Water from the irrigation system
This idea was inspired by our conversation with Andrei, who thought it would be a good idea to harness the running water that is constantly flowing through the aquaponic system.
Pro
There is a constant flow of water flowing through the aquaponic system, so we can harness this constant energy source, we would have energy as long as the system is running. Uses the energy that is already in the system. Low cost to make.
Con
Small, so not a large quantity of energy generated. Could easily break and would most likely need to be home made. Needs energy to jump start.

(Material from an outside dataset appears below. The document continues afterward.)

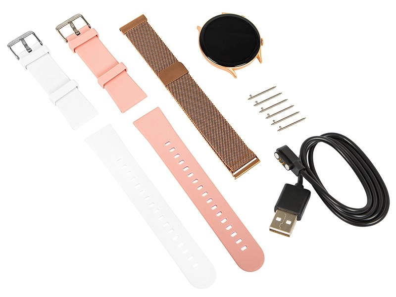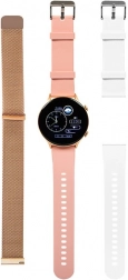 Chytré hodinky X19 ružové sú dokonalým doplnkom na každý deň. Vďaka trom vymeniteľným náramkom - zlaté, biele a ružové - jednoducho prispôsobíte svoj vzhľad podľa nálady. Užite si dotykový displej s rozlíšením 360x360 px, ktorý poskytuje ostrý a jasný obraz.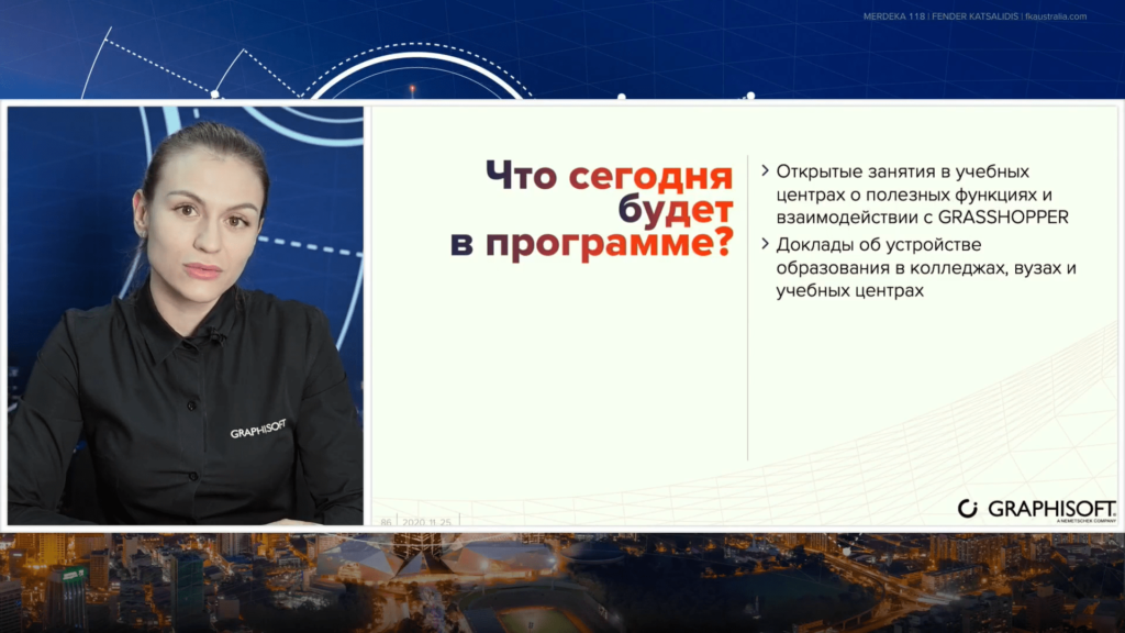 Программу второго дня с обзором всех текущих образовательных программ GRAPHISOFT открыла Мария Калашникова. Следом Дарья Верлен рассказала об опыте внедрения BIM в образовательную программу Калининградского Бизнес-колледжа, а Александр Воробей из Брестского государственного технического университета об оптимизации рабочих процессов при помощи связки Archiсad и Grasshopper.

Other alternative energy include biogas and hydropower. Their viability assessment and analysis merit further investigation.
COMMUNICATION LIMITATIONS
Despite the effort we put in research, we faced several challenges. First, it was difficult to find an equilibrium between art and technology when conducting the research. The ethos of Mediamatic should not be compromised.
Second, our team background heavily inclines towards social sciences and liberal arts. The lack of engineering expertise resulted in scarcity in technicality. However, because of our (in)experience, we were able to think outside the box.
Third, and perhaps the most crucial element that impeded our research, the communication limitations. Some Mediamatic members rendered inaccessible when we asked for information in person and via e-mail. When questions were finally posed, staff either redirected us to other members or referred them as a service that would cost extra.
Regardless, our research did not go straight to the dumpster as we explored a new field of knowledge. Now all we need are some tech-savvy engineers and understanding insiders to help fulfil our dream.